And of course, you also know what happened in East Timor, and I don't want to belabor the point.

But, my friends, let me say that the victims of today's conflicts and acts of violence, whether at the World Trade Center, in the Sudan, or anywhere else in the world, are increasingly to be found among unarmed civilians. And when I say unarmed civilians, there are high proportions of women and children. All too often, they are not just victims, but targets of violence. Failing to prevent such wars and such behavior should be morally and politically unacceptable to an enlightened international community. And yet, I must tell you frankly that the biggest obstacle to effective prevention is the attitudes and priorities of states. States, threatened by conflicts, frequently refuse to admit that they have a problem or to accept external assistance. And many states, which would be well-placed to assist are reluctant to intervene. Those in the first group fail to see the problem and now are offended by offers of assistance. Those in the second either do not see the danger that problems are afflicting their neighbor might also spread to them, or are unwilling to confront their neighbors with unwelcome, but necessary, pressure and advice.

If we are to establish a true culture of prevention, we need to cultivate a sense of community across borders, a real international community that would overcome both these sources of reluctance. A significant conceptual innovation in this regard was presented in the recently published report, "Responsibility to Protect," drafted by the International Commission on Intervention in State Sovereignty. There, the authors suggest a constructive shift in the debate on intervention away from the duty to intervene toward the responsibility to protect. The difficult reality is that political leaders have often found it very hard to sell prevention policies abroad to the public at home because their costs are palpable and immediate, while the benefits, usually an undesirable tragic event that does not occur, are much more difficult to convey. Political leadership, therefore, is key condition for successful prevention.

The other main lesson I want to emphasize is that effective conflict prevention is a long-term investment. While the proximate cause of conflict may be an outbreak of public disorder or a protest over a particular incident, the root causes are more likely to be found in illegitimate governance, socioeconomic inequities, systematic ethnic discrimination, denial of human rights, disputes of a political participation, or long-standing grievances over the allocation of land, water and other resources. Addressing these root causes requires a comprehensive approach that encompasses both short-term and long-term political, developmental, humanitarian, and human rights programs.

Conflict prevention and sustainable development reinforce each other. An investment in prevention should be seen as simultaneous investment in sustainable development, since it is obvious that the latter is more likely to happen in a peaceful environment. One does not have to accept—and I certainly do not—that terrorism and poverty are necessarily linked. The poor have enough burdens without being considered likely terrorists simply because they are poor.

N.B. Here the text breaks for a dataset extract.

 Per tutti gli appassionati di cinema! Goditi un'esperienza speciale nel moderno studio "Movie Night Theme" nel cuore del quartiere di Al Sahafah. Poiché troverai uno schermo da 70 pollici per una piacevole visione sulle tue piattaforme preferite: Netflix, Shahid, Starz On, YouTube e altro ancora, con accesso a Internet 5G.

Still, it is essential to understand that draining the swamp of terrorism, as some have put it, requires more than attacking its sources of funding and support. It requires addressing those grievances which terrorists find useful to exploit for their own ends. Where massive and systematic political, economic and social inequities are found, and where no legitimate means of addressing them exists, an environment is created in which peaceful solutions are all too often not possible and lose out against extreme and violent alternatives. If we are to be successful in preventing deadly conflicts, we must have a clear understanding of the causes. Not all conflicts or sources of violence are alike. And no single strategy is likely to provide all the solutions.

Several of the wars of the 1990s were characterized by the exploitation of different ethnic, cultural, and religious identities by political leaders intent upon expelling or exterminating an entire people. The solution in every one of these cases is clear, if often difficult to achieve in practice: to promote human rights, to protect minority rights and institute legitimate and representative political arrangements under the rule of law. To do so, however, states in peril need the help of an international community that recognizes the benefits of preventing disaster in one country, and that, in the long run, is in everyone's interest.

Besides that, every step towards—taken towards reducing poverty and achieving broad-based economic growth, whether through development assistance or private sector investment, is a step towards conflict prevention. Every step taken to shore up nation building, such as the one undertaken in East Timor by the United Nations in partnership with many NGOs is a step towards conflict prevention. Every step taken towards restoring security in post-conflict societies is a step towards conflict prevention. This is most urgent in the case of Afghanistan today where we are trying to ensure that the international community stays fully engaged. Prevention in this case means insuring that security is provided throughout the country and not just in Kabul. Otherwise, the risk is great that we will return to violence and conflicts.

My dear friends, the policies of conflict prevention that I have outlined today will succeed only if the root causes of conflict are addressed as well, and not just by governments or the UN, but also by civil society, the private sector and institutions such as the Council. As an independent organization devoted to foreign policy, you have a unique ability to step outside the rule of the protagonist or government agency. You can offer candid warnings about escalating tensions in a region or a country and candid suggestions about how to prevent them from escalating into full scale war. You can help us convince the parties of the folly of conflict and deepen the work of prevention by supporting local, civil society prevention programs, which are often more effective and more acutely needed than government initiatives. There are areas where NGOs and private groups are playing increasingly important roles, and the Council is very well-positioned to be a leader in this kind of preventive action. Under the distinguished and energetic leadership of General Nash, I have no doubt that you will indeed play that role, and I look forward to working very closely with you in this vital aspect of our work for peace and prosperity. Thank you very much. (Applause).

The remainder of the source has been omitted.